EXERCISE BRIEF: What you return must be every line below that includes the word "down".

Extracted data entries
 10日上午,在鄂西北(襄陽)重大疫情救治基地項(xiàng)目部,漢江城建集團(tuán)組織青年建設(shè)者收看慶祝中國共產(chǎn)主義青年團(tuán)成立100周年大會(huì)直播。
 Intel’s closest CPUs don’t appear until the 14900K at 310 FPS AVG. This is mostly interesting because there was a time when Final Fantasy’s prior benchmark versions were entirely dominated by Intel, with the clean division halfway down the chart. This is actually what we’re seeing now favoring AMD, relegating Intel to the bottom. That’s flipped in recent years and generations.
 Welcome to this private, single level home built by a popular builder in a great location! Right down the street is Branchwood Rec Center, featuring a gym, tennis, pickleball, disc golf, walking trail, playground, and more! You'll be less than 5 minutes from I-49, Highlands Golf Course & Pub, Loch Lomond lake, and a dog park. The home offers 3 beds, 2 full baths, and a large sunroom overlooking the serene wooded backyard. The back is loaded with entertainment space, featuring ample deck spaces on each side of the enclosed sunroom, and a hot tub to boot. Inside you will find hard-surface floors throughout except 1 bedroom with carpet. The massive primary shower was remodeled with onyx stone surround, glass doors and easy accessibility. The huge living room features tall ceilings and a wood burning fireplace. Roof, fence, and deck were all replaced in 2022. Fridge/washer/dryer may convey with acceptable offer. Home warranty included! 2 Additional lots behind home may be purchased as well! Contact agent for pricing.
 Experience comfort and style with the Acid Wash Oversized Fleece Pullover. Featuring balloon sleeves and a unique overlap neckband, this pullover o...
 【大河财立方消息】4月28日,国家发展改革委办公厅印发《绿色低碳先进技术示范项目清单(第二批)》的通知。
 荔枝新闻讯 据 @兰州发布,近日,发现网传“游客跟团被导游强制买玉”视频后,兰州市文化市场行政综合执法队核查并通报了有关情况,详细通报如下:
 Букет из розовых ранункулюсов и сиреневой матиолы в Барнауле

ANSWER FOR THE TASK:
 Intel’s closest CPUs don’t appear until the 14900K at 310 FPS AVG. This is mostly interesting because there was a time when Final Fantasy’s prior benchmark versions were entirely dominated by Intel, with the clean division halfway down the chart. This is actually what we’re seeing now favoring AMD, relegating Intel to the bottom. That’s flipped in recent years and generations.
 Welcome to this private, single level home built by a popular builder in a great location! Right down the street is Branchwood Rec Center, featuring a gym, tennis, pickleball, disc golf, walking trail, playground, and more! You'll be less than 5 minutes from I-49, Highlands Golf Course & Pub, Loch Lomond lake, and a dog park. The home offers 3 beds, 2 full baths, and a large sunroom overlooking the serene wooded backyard. The back is loaded with entertainment space, featuring ample deck spaces on each side of the enclosed sunroom, and a hot tub to boot. Inside you will find hard-surface floors throughout except 1 bedroom with carpet. The massive primary shower was remodeled with onyx stone surround, glass doors and easy accessibility. The huge living room features tall ceilings and a wood burning fireplace. Roof, fence, and deck were all replaced in 2022. Fridge/washer/dryer may convey with acceptable offer. Home warranty included! 2 Additional lots behind home may be purchased as well! Contact agent for pricing.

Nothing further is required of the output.